Universe In A Grain Of Sand

May 7, 2010

 

  The April 2010 issue of National Geographic recounts research undertaken by John Bush and David Hu into the locomotion of those bugs that stroke silently across the surfaces of ponds and lakes – water striders.  Until these MIT grad students* looked into it, the thinking was that the insects created tiny waves that propelled them forward.

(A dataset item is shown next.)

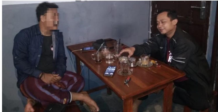
4.8 Wawancara bersama narasumber Kumbang (Pelanggan/pengguna jasa PL "Freelance")

  That theory was first compromised by “Denny’s Paradox” which showed that wave propagation could not account for the movement of baby water striders because legs of the newly hatched are too short to make waves.  Applying mathematical analysis to high speed photography Bush and Hu found the truth to be entirely different. 

  The surface tension of the water allows the bugs to stand upon it without poking through.  Essentially, each foot makes an indentation in the surface much as would a human foot upon a trampoline thus also similarly imparting energy thereto.  Their middle legs use this energy to make themselves sort of bounce forward. 

  This reminds me of Einstein’s Theory of Relativity.  It is the impression of matter, such as the earth, upon the fabric of space-time that makes for the motion of heavenly bodies.  In a sense, the moon rolls around the rim of the depression in the universe made by our little blue planet.  And us around the sun etc. 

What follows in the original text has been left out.